● Material provided
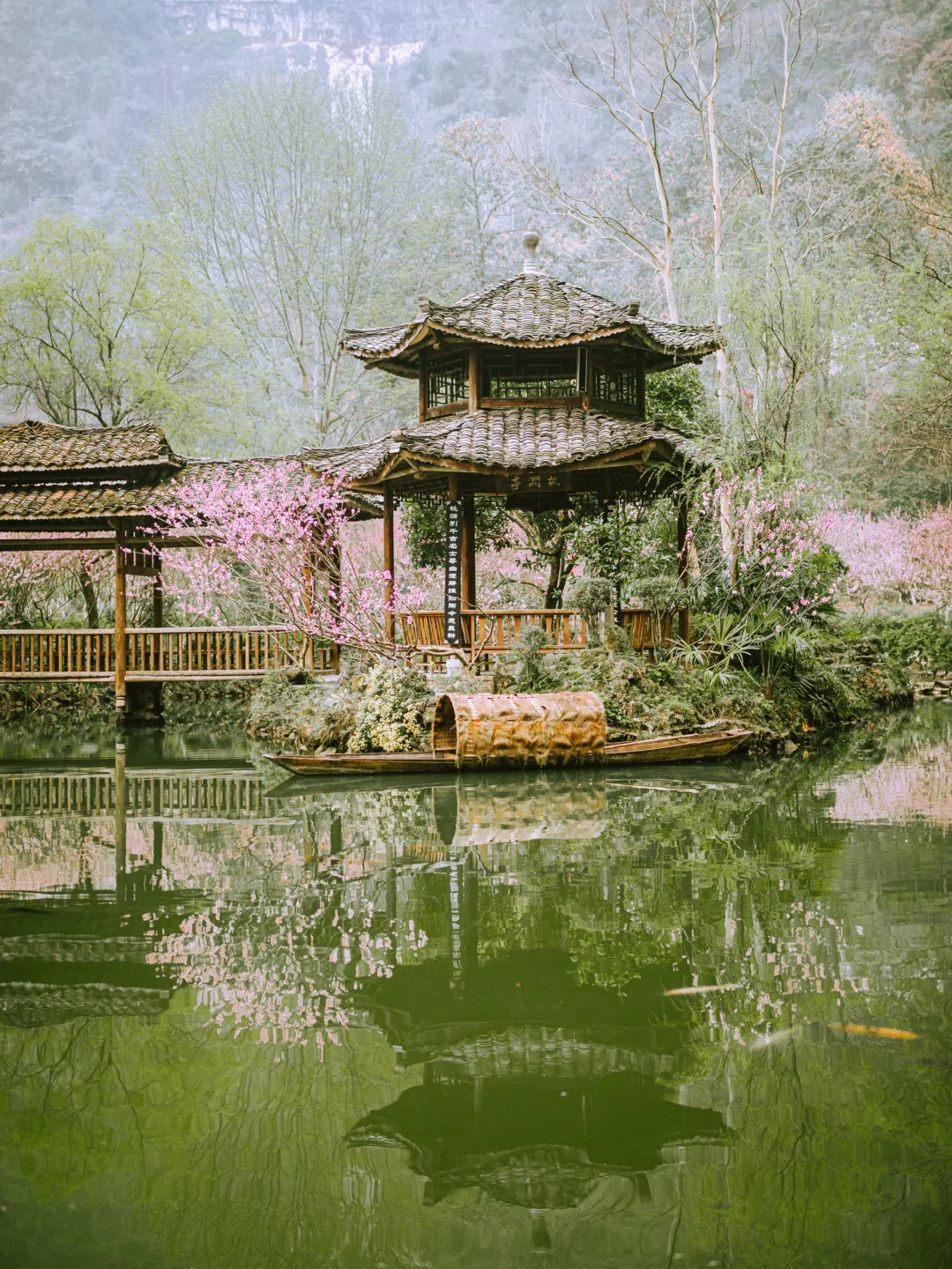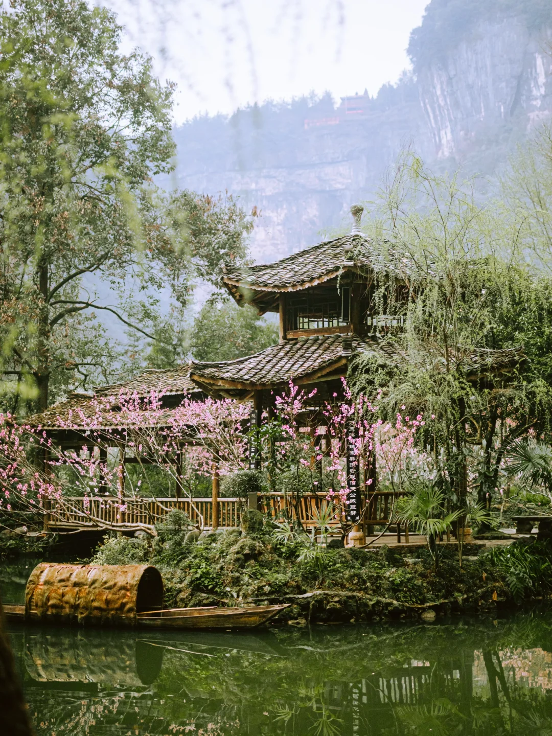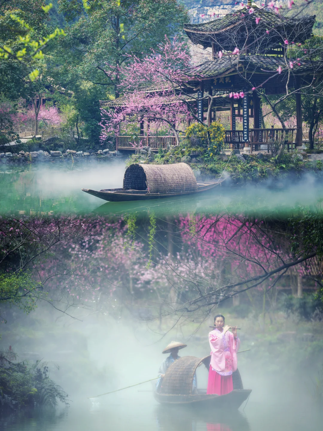 陶渊明笔下世外桃源的原型地,清潭碧水,十里桃花,只一眼,便决定了我今年春天追🌸的第一个目的地——酉阳!
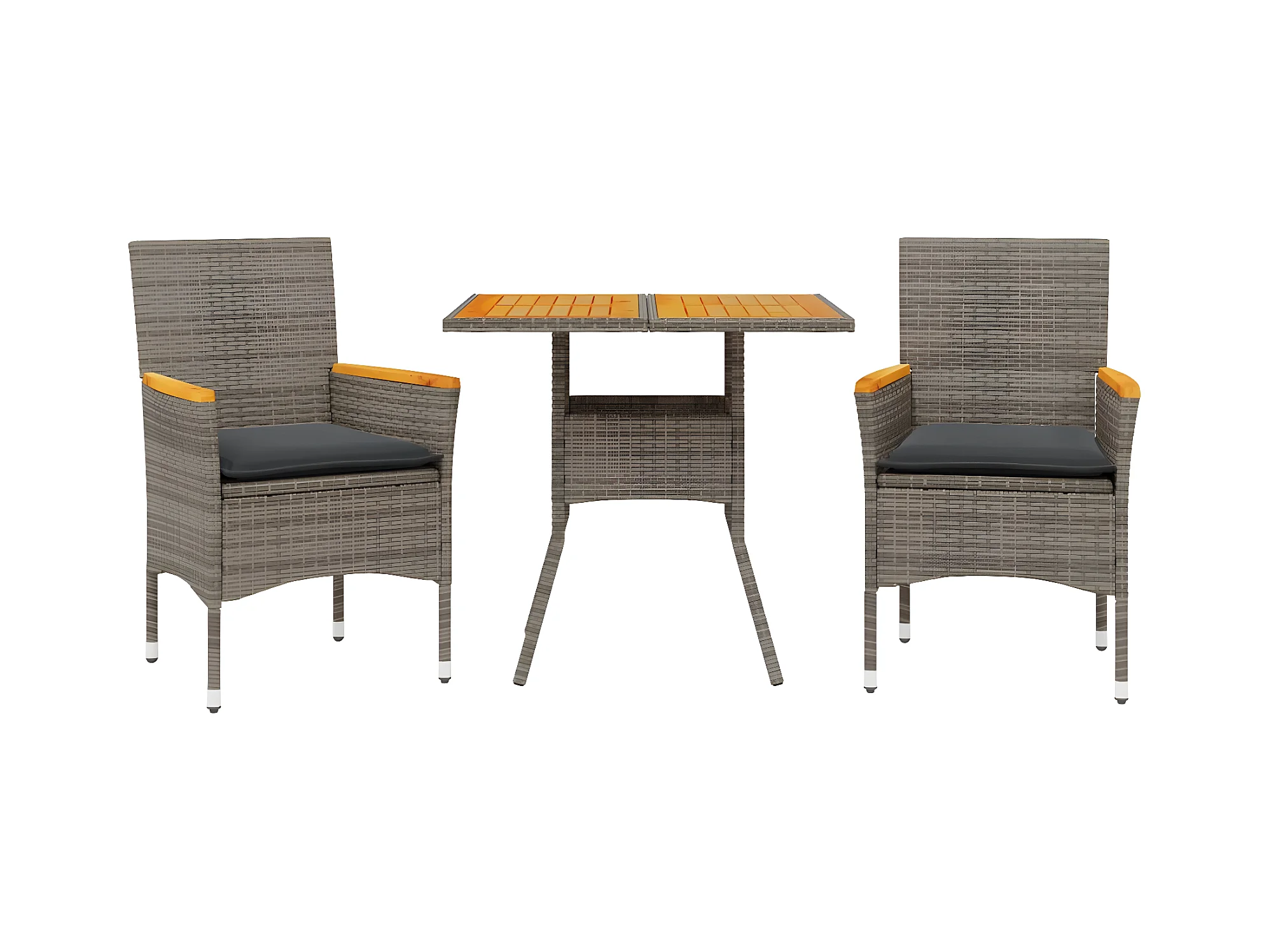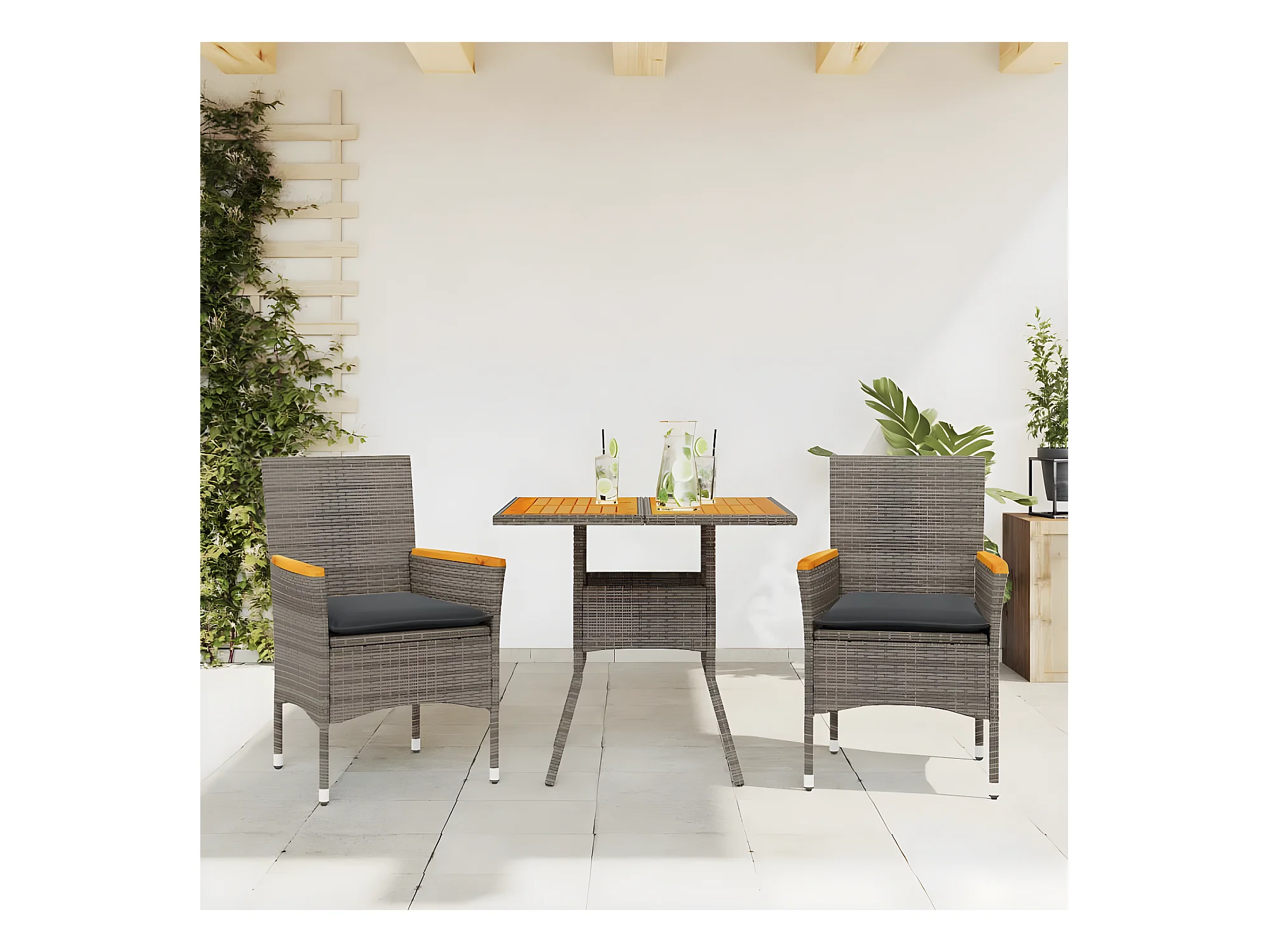 Ensemble à manger de jardin et coussins 3 pcs gris rotin acacia
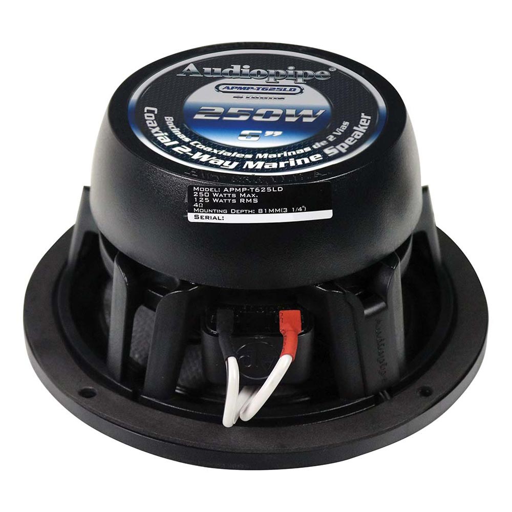 The Audiopipe APMP-T625LD marine-rated coaxial speaker is designed for durability, clarity, and reliable performance in boats, powersports vehicles, or open-air audio setups. Its 6.5″ carbon-fiber woofer, titanium dome tweeter, and 1.2″ Kapton voice coil give balanced sound with resilience to moisture and outdoor conditions. With waterproof construction and built-in LED lighting, it’s ready for both performance and style.
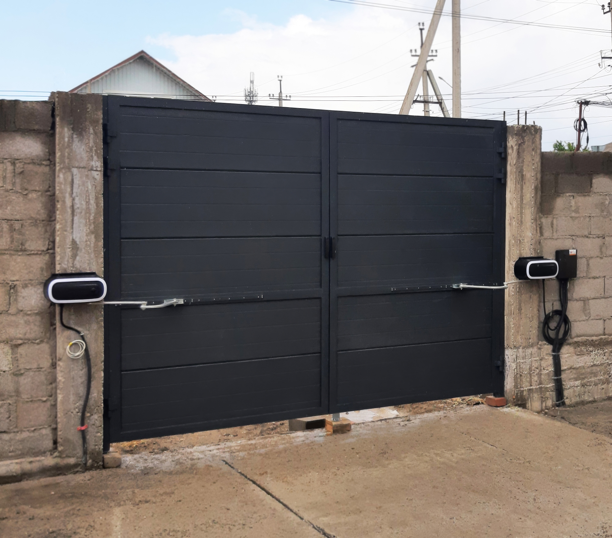 распашные ворота? Мы предлагаем полный комплекс услуг – от изготовления до установки автоматического привода.

● Work order
Although the material contains pictures, only the lines are to be written out, exactly as they stand.

● Solution to the problem
 陶渊明笔下世外桃源的原型地,清潭碧水,十里桃花,只一眼,便决定了我今年春天追🌸的第一个目的地——酉阳!
 Ensemble à manger de jardin et coussins 3 pcs gris rotin acacia
 The Audiopipe APMP-T625LD marine-rated coaxial speaker is designed for durability, clarity, and reliable performance in boats, powersports vehicles, or open-air audio setups. Its 6.5″ carbon-fiber woofer, titanium dome tweeter, and 1.2″ Kapton voice coil give balanced sound with resilience to moisture and outdoor conditions. With waterproof construction and built-in LED lighting, it’s ready for both performance and style.
 распашные ворота? Мы предлагаем полный комплекс услуг – от изготовления до установки автоматического привода.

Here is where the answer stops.